Nem padres nem pastores que assim agem aprenderam com a história, com a Reforma de Martinho Lutero, com as guerras de religião que ensanguentaram a Europa nos séculos 16/17. Na Idade Média, aqueles que se julgavam proprietários da Igreja de Cristo mandavam também na política e nos negócios profanos, ou neles se imiscuíam. A Reforma de Lutero pretendeu acabar com essa confusão entre religião e política, com a venda da salvação praticada por pregadores de indulgências, com o império sinistro da Inquisição. Nem todos os cristãos (protestantes tradicionais ou de inspiração mais recente, neopentecostais, católicos) aprenderam as lições da história e continuam misturando política, governo com religião.

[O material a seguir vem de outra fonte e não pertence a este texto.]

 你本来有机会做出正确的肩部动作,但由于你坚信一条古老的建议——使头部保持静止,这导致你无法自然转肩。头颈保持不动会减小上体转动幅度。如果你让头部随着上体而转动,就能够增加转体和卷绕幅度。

O candidato Serra nunca foi de ostentar religiosidade, mas agora, oportunisticamente, vive faturando bênçãos. Parece um congregado mariano de outrora. A campanha eleitoral da oposição descambou para a ferocidade, o preconceito, o ódio, a mentira, a calúnia. A questão do aborto guindada a arma eleitoral é a última esperança dos ultraconservadores para ganhar a eleição e retomar os projetos da época de Collor e FHC, de privatização ampla, geral e irrestrita (não tiveram tempo para privatizar a Petrobras, o Banco do Brasil, a Caixa, sem os quais o Brasil teria se ferrado amplamente na recente crise mundial), de um Estado voltado única,mente para o bem dos privilegiados, de um tradicional e servil alinhamento com os interesses dos EUA e outros países ricos, etc.

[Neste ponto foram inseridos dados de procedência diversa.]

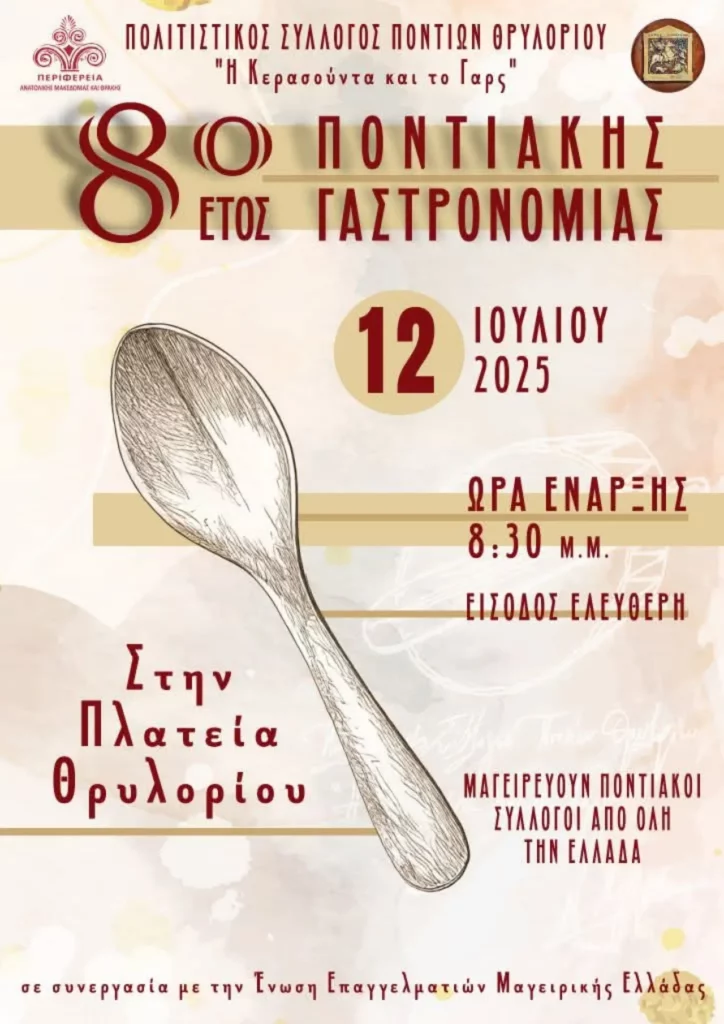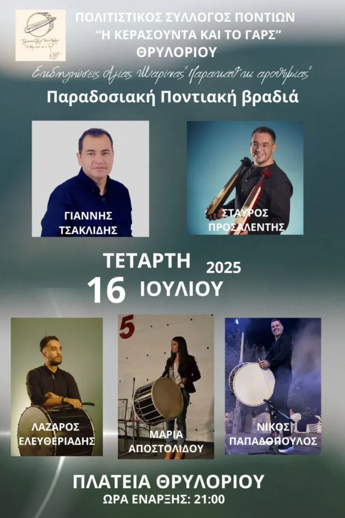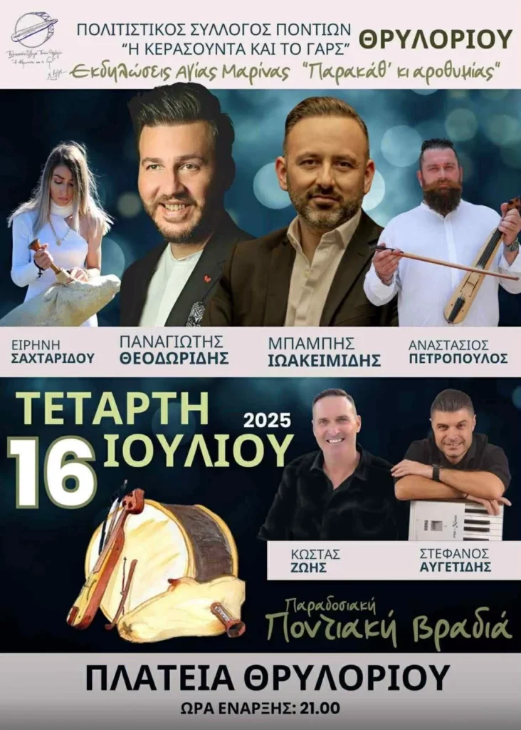 Ο Πολιτιστικός Σύλλογος Ποντίων Θρυλορίου «Η Κερασούντα και το Γαρς» προσκαλεί μικρούς και μεγάλους στις καθιερωμένες εορταστικές εκδηλώσεις προς τιμήν της Αγίας Μαρίνας «Παρακάθ’ κι αροθυμίας», οι οποίες θα πραγματοποιηθούν στο Θρυλόριο από το Σάββατο 12 έως την Πέμπτη 17 Ιουλίου 2025.

O aborto como arma eleitoral é uma bandeira hipócrita, pois católicas e protestantes continuam fazendo aborto e, o que pior, as mulheres sem recursos o fazem por métodos duvidosos que as levam até à morte, em clínicas clandestinas que não se submetem a nenhuma fiscalização. Em vez da atual encenação, o que se deveria fazer é uma grande campanha de educação sexual e de planejamento familiar. Certo tipo de religioso não pode nem ouvir falar disso; embora todas as classes mais abastadas o pratiquem, deixando para as menos favorecidas o ônus de ter um monte de filhos de que não podem cuidar, ou de enfrentar o aborto clandestino.

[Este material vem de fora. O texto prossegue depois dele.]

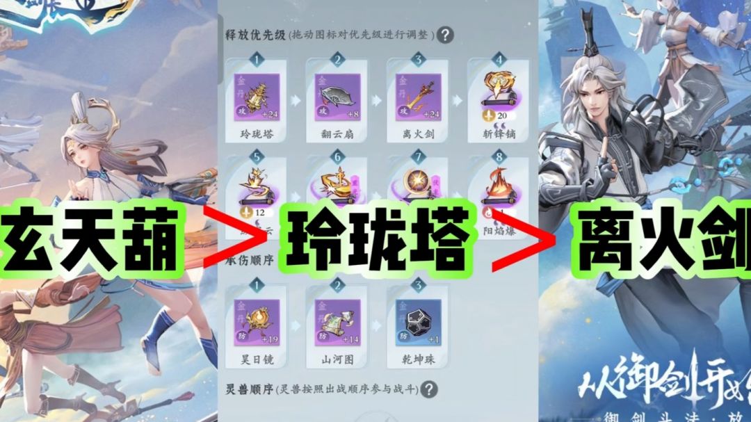 攻击位建议玲珑塔离火箭和玄天壶攻击顺序优先,玄天壶然后玲珑塔最后离火箭顺序调整,在攻塔界面的右上角点击拖动法宝就可以调整攻击顺序。防御位只有3个,直接用就可以了,没啥讲究的。至于心法,装备,终结技等等这些在元婴期前没啥好说的,有啥用啥就可以了。

O aborto é um tema delicado e não pode ser abordado a partir de dogmas, preconceitos, marketing eleitoral barato. Para além do aspecto religioso, é um problema de saúde pública. Pior ainda é pô-lo na ordem do dia de uma disputa eleitoral para presidente da República. Como vimos, não é o presidente que legisla sobre o tema. Isso tem de ser discutido seriamente no Congresso, independente de campanha eleitoral e interesses individuais ou partidários. Para protestantes (hoje ditos evangélicos; creio que todo aquele que segue o Evangelho de Jesus Cristo é evangélico) e católicos que não misturam religião com política, é uma vergonha ver bispos pregando contra a candidata Dilma e pastores entrando nessa onda inquisitorial fora de época.
Há, contudo, inúmeras exceções. O protestante Walter Pinheiro, eleito senador, que é contra a descriminalização do aborto, não demoniza Dilma: “O que nós defendemos, o que a Dilma defende é que a mulher que faz aborto, ao chegar às portas do hospital, não seja presa, mas atendida”.